Requirements
- A preface to your bibliography.
- A list of 30 ± 3 items. You may include items that you’ve found in other courses.
- 10 annotations (include them in your list).
Introduction to the assignment
Annotated bibliographies are valuable resources. Databases give you access to lots of information, but they don’t organize the information in meaningful ways. A good enumerative bibliographer finds, organizes, summarizes, and connects scholarship in ways that other scholars will find useful. This exercise asks you to create an exhaustive, annotated, enumerative bibliography for your own use. It will help you survey the field for a seminar paper, your dissertation, or your graduating essay.
Normally, enumerative bibliography aims to be exhaustive in its compilation of all the references within the defined parameters. These parameters will be determined by the subject and approach you choose. If you were to focus your bibliography on an obscure or new author, work, movement, critical approach, or genre, then you might be able to compile an exhaustive bibliography of primary and secondary material, including every edition, review, and critical article that has been published. If you were to focus your attention on a canonical author who is widely discussed and anthologized, you would need to limit your bibliography to the last ten years, or to a specific kind of critical attention, or to primary or secondary materials only. Deciding how best to limit the scope of your bibliography is an important aspect of the assignment. Come talk to me about your subject and/or methodology as you work on your bibliography. I intend for this assignment to be useful as you pursue your own research interests and projects. I guarantee that it will help you write the literature review in your SSHRC proposal and those necessary “state-of-the-art” footnotes in your term papers
Some possible parameters
These parameters might be combined to broaden or limit the scope as appropriate).
- Scholarship pertaining to an author’s oeuvre or single work
- Scholarship pertaining to a publisher
- Books published by a publisher or printed by a particular printer
- Books with particular bibliographical features (font, size, binding, provenance)

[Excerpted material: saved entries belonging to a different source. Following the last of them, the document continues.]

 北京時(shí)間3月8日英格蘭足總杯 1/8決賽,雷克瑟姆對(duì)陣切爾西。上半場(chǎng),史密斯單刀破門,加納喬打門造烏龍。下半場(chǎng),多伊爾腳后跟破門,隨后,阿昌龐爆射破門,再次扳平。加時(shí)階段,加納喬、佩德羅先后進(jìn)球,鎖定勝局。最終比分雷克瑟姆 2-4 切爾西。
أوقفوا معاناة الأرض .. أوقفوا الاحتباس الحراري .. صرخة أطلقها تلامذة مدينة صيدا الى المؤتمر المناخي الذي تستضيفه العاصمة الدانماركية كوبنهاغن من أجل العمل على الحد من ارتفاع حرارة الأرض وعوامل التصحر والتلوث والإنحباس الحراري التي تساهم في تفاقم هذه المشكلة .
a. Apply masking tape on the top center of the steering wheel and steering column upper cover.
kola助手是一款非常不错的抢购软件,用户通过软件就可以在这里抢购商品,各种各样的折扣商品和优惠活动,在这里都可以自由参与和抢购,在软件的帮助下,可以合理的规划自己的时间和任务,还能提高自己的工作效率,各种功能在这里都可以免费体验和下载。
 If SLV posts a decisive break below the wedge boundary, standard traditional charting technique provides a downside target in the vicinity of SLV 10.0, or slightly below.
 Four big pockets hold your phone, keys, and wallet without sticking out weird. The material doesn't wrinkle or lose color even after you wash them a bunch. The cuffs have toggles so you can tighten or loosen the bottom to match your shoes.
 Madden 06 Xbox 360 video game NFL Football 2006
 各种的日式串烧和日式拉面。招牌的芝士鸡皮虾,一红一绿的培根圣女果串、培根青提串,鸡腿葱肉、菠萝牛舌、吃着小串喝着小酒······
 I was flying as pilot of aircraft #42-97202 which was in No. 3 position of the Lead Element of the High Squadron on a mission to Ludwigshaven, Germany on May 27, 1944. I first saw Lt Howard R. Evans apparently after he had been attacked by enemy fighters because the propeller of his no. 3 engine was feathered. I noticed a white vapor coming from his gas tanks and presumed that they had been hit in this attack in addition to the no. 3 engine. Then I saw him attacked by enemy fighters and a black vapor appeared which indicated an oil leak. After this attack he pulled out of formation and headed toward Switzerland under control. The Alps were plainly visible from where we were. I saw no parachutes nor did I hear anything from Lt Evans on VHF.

- Scholarship published within a specific time period
- A complete list of editions of a work or of an author’s complete works from first edition to most recent scholarly edition, or from a more limited temporal period (e.g., Victorian editions of Shakespeare), or from a particular place (e.g., American editions of Dickens). Include online republications, editions, or databases as appropriate.
- Reviews of an author’s work(s)
- Reviews of scholarly editions
- Criticism in a narrowly defined field (such as eco-critical readings of the beat poets; essays written about editing Shakespeare; performance theory applied to a specific field)
- Criticism of a particular genre from a particular period (such as closet drama of the seventeenth century; the epistolary novel in the early eighteenth century)
- Geographical parameters
- Medium (digital publications, periodical publications, et cetera)
The Preface
Length: 750-1000 words.
Further instructions: “How to write the preface to an enumerative bibliography” (https://janellejenstad.com/teaching/resources-for-students/how-to-write-the-preface-to-an-enumerative-bibliography/).
The List
However you define the scope of your enumerative bibliography, your list of 30 +/- 3 items should be a thorough list of all the major and critically important sources. Use all the print and electronic research tools at your disposal. I should not be able to find any additional important sources via a cursory search.
Double-space all entries and indent the second and subsequent lines. If you want to use a program such a RefWorks, Zotero, or EndNote to format your bibliography, you may do so.
Whatever citation style you choose to use (MLA, Chicago, or something else), deploy it consistently.
The Annotations
For ten of the entries (of your choosing), write summary-style annotations. At least one of the ten entries you annotate must be a book (ebook or printed book), and at least one must be a recent article (i.e., with the last five years).
For more information on writing annotations, consult Harner, On Compiling an Annotated Bibliography (1991). Bear in mind that Harner is writing for scholars who are preparing book- or article-length exhaustive bibliographies and modify his prescriptions accordingly. A good rule of thumb is that you should summarize the research question/problem, answering thesis, methodology, and evidence Use my list of verbs to describe critical and textual activities.
We will have an opportunity to talk further about writing effective annotations before you submit this assignment.
Examples of Annotated Bibliographies
You may wish to have a look at some annotated bibliographies in your field. Look for articles with titles like “Recent Studies in ….” Year’s Work in English Studies (YWES) provides prose-style overviews of the work in each sub-discipline, including reviews of new journals.
Here are some newly acquired book-length annotated bibliographies in our library:
Filler, Susan M. Alma Mahler and her Contemporaries: A Research and Information Guide. New York; London: Routledge, 2018. ML128.W7 F55 2018.
Gatten, Jeffrey N. Woodstock Scholarship: An Interdisciplinary Annotated Bibliography. Cambridge: Open Book Publishers, 2016. Catalogue entry.
Here are some books that contain annotated bibliographies:
Frazer, Paul, and Adam Hansen, eds. The White Devil: A Critical Reader. London: Bloomsbury Arden Shakespeare, 2016. PR3184 W53W48 2016.
Allain, Paul, and Jen Harvie. The Routledge Companion to Theatre and Performance. London; New York: Routledge, 2014. PN1581 A45 2014.